Decision Date23 November 1909
Citation123 N.W. 371,144 Iowa 605
PartiesA. JUDSON WELLS, Appellee, v. WESTERN UNION TELEGRAPH COMPANY and B. G. LYMAN, Appellants
CourtIowa Supreme Court

Appeal from Webster District Court.--HON. R. M. WRIGHT, Judge.

ACTION at law to recover damages of defendant telegraph company for negligently transmitting a forged telegram purporting to have been signed by the Bank of Denison and directed to the Commercial Bank of Britt, Iowa. There was a trial to a jury resulting in a directed verdict for the plaintiff, and defendants appeal. Affirmed.

Affirmed.

George H. Fearons, H. D. Estabrook and Wright, Call & Sargent, for appellants.

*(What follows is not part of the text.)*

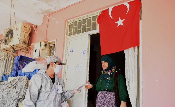 Muratpaşa’nın en kalabalık mahallesi Güzeloba’yla birlikte Fener ve Çağlayan’da ekipler, günün ilk saatleriyle birlikte her siteye, apartmana girerek kapı kapı maskeleri dağıttı. Yüzde yüz pamuklu kumaştan yıkanabilir olarak üretilen maskeler üçerli paketlenmiş halde kapı kollarına asılıyor. Aynı zamanda dağıtımın yapıldığı her apartman da, “Evde kal” çağrısıyla birlikte sokağa çıkmak durumunda olanların maske takmaları, hijyen ve mesafe kullarına uymaları konusunda bilgilerin yer aldığı çıkartma da asılıyor.
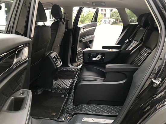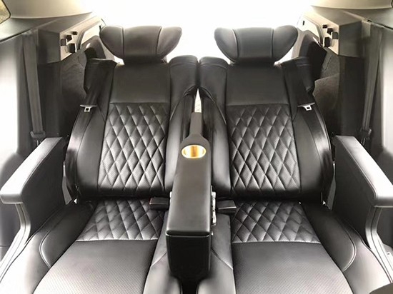 改装航空座椅后空间要比之前大很多,靠背可以躺倒下来还带有电动腿托,大的空间可以保证乘坐的不拥挤,这是舒适性上最重要的,航空座椅的海绵用的太空棉厚实柔软,皮料用的纳帕皮也是高档皮料有记忆回弹,乘坐上去的感觉就像是坐在一张大沙发上

Kelleher & O'Connor and Senneff & Bliss, for appellee.

OPINION

DEEMER, J.

Plaintiff is a resident and citizen of New York, and defendants are the Western Union Telegraph Company and B. G. Lyman, its one time operator at the town of Denison, in this state. As assignee of Schriver Bros., a copartnership doing business in this state, and of the Commercial Bank of Britt, Iowa, each alleged to be the owner of a claim or cause of action against the telegraph company and its agent, Lyman, plaintiff brought this action to recover damages for defendants' negligence in sending to the bank of Britt a forged and fictitious telegram reading as follows: "March 14, 1902. To Commercial Bank, Britt, Iowa. We will honor Barnes draft for eighty-nine hundred seventy-two dollars. [Signed] Bank of Denison." While several grounds of negligence are charged, they may all be epitomized for the purposes of this appeal, into one, and that is that Lyman, the telegraph operator, knew, or in the exercise of ordinary care and prudence, should have known that the message was false fictitious, and forged, and that the sender thereof, one Barnes, had no authority to send it, and that he knew, or should have known, that the message was unauthorized by the Bank of Denison, and that it was sent with intent to defraud the addressee thereof or some person who would be justified in relying thereon. Defendants filed an answer in which, among other things, is pleaded (1) a former adjudication; (2) that plaintiff's assignment is and was without consideration, colorable, and fictitious, and made with the sole purpose and intent of defeating a removal to the federal courts; (3) that plaintiff, as assignee of the Bank of Britt, could not recover because no notice was given to defendant as provided by sections 2163 and 2164 of the Code; and (4) that plaintiff, as assignee of Schriver Bros., can not recover, because his assignor being an undisclosed principal, could not have done so. The answer also denied any negligence on the part of the telegraph operator. The trial court sustained a demurrer to that part of defendants' answer pleading a former adjudication, and of this complaint is made. It is also contended that the trial court erred in directing a verdict for plaintiff for reasons which will appear during the further consideration of the case.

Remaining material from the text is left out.